Reference layout for splitting workflows by trigger:

| Workflow | Trigger | Reads cache | Writes cache | Notes |
|---|---|---|---|---|
| `flaker-nightly.yml` | cron + workflow_dispatch | yes | yes | Runs `flaker apply`. The canonical writer of vitest history. |
| `<source>-baseline.yml` | push to main + cron | yes | yes | Imports a custom-adapter report via `flaker import --adapter <name>`. Same cache key. |
| `flaker-pr.yml` | pull_request | yes | (yes implicitly, harmless) | Advisory only, `continue-on-error: true`. |
| `<source>-pr-gate.yml` | pull_request | NO | NO | PR-scoped runs would distort the population — keep them ephemeral. |

**Rule of thumb**: anything that touches main / scheduled writes; PR-scoped checks read-only or no cache.

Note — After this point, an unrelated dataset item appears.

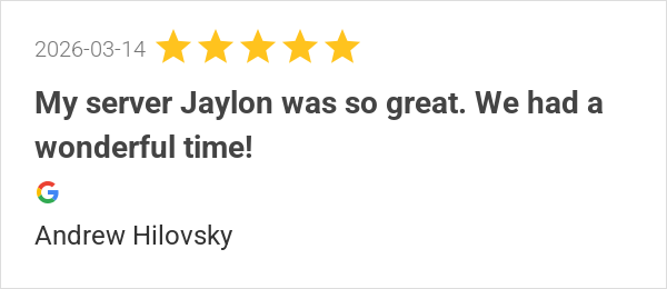 My server Jaylon was so great. We had a wonderful time!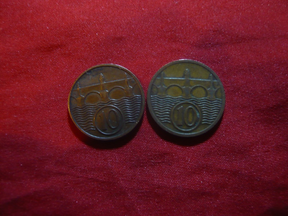 2 Monede 10 halleri 1925 si 1937 Cehoslovacia ,bronz , cal.F.Buna

## Adding a new ingest source

Common pattern (custom adapter, see flaker#79 for the adapter contract):

1. Produce the report file (e.g. `<source>-report.json`, `vitest-report.json`).
2. Restore the cache (or rely on the same job's earlier restore step).
3. Import:
   ```yaml
   - name: Import <source> into flaker
     if: always()
     run: |
       pnpm exec flaker import <report-file> \
         --adapter <name> \
         --commit "${{ github.sha }}" \
         --branch "${{ github.ref_name }}" \
         --source ci
   ```
4. The cache save at end-of-job picks up the new rows automatically.

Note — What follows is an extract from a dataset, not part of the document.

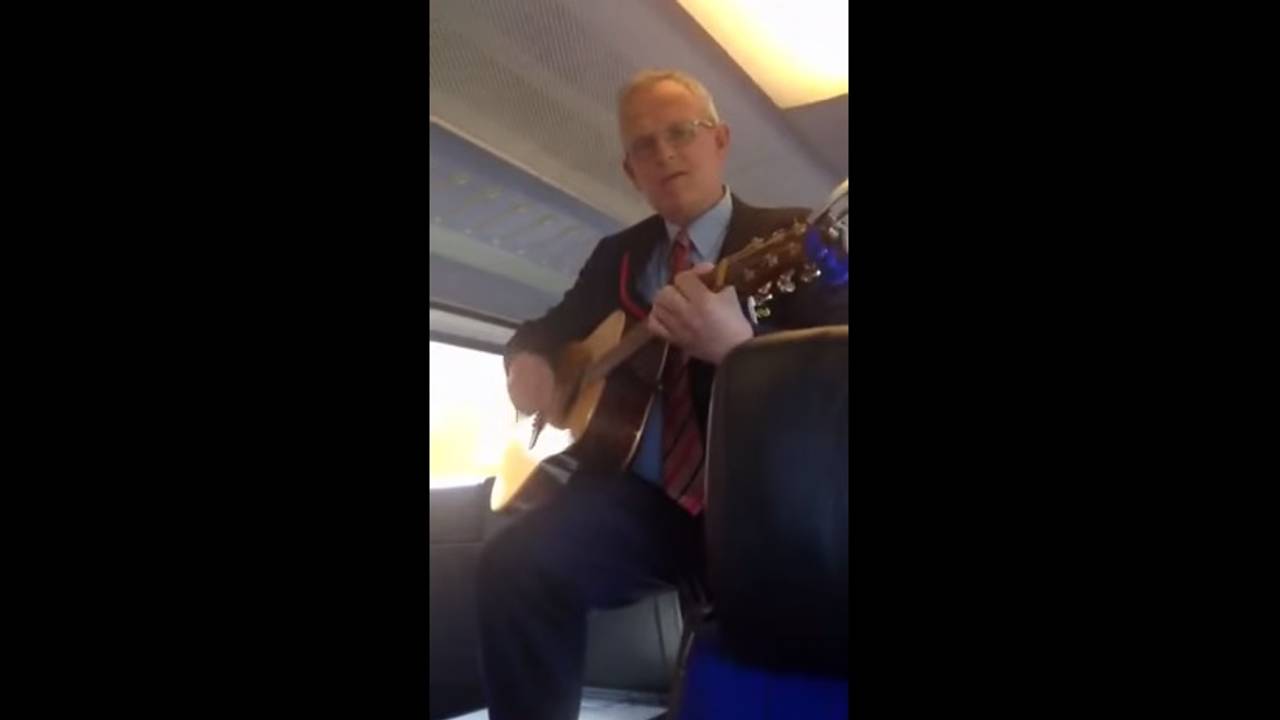 Na al het nieuws over mishandelde conducteurs ontspon zich in de trein bij Eindhoven een mooi tafereel. Een groep studenten pingelde wat op hun gitaren in de coupé, toen de conducteur vroeg of hij mee mocht spelen. Het samenspel werd gefilmd.

`if: always()` ensures partial-failure runs still record what they saw before the failure.

## Don't do this

- **Don't pre-create `.flaker/data` as a directory** before flaker runs. DuckDB expects to open it as a file; `IO Error: Could not read from file ... Is a directory` is the symptom. The cache `path: .flaker/data` referencing a not-yet-existing file is fine — actions/cache restores it if present, and flaker creates it if not.
- **Don't add `flaker import` to PR-only workflows** without thinking. PR runs happen on every commit-to-PR and would dominate the population. Keep PR jobs read-only against the cache.
- **Don't use `NODE_OPTIONS=--preserve-symlinks-main`** with flaker ≥ 0.10.7. It was a workaround for a pnpm symlink bug fixed in 0.10.7; under 0.11.x the env var **silently turns the CLI into a no-op, exit 0** (no output, no work done). Surfaced via downstream usage, removed in flaker upstream.
- **Don't try to write the cache from a PR fork**. GH Actions disallows writes from forks for security reasons; the restore still works, the save silently no-ops.

## Diagnostics

If history "vanishes":

1. Check the cache hit log line in the workflow run — if it says `Cache not found for input keys`, the restore-keys prefix doesn't match what was saved.
2. Check `flaker.toml` `[storage] path` matches the cached `path:` exactly.
3. Run `flaker doctor` in the same job — confirms the file is open-able.
4. `flaker status --markdown` exposes row counts so you can see what was actually loaded.

## Reference

- `flaker` itself (`docs/contributing.md`) for the storage path convention.
- The `--adapter` system docs for writing a custom report importer.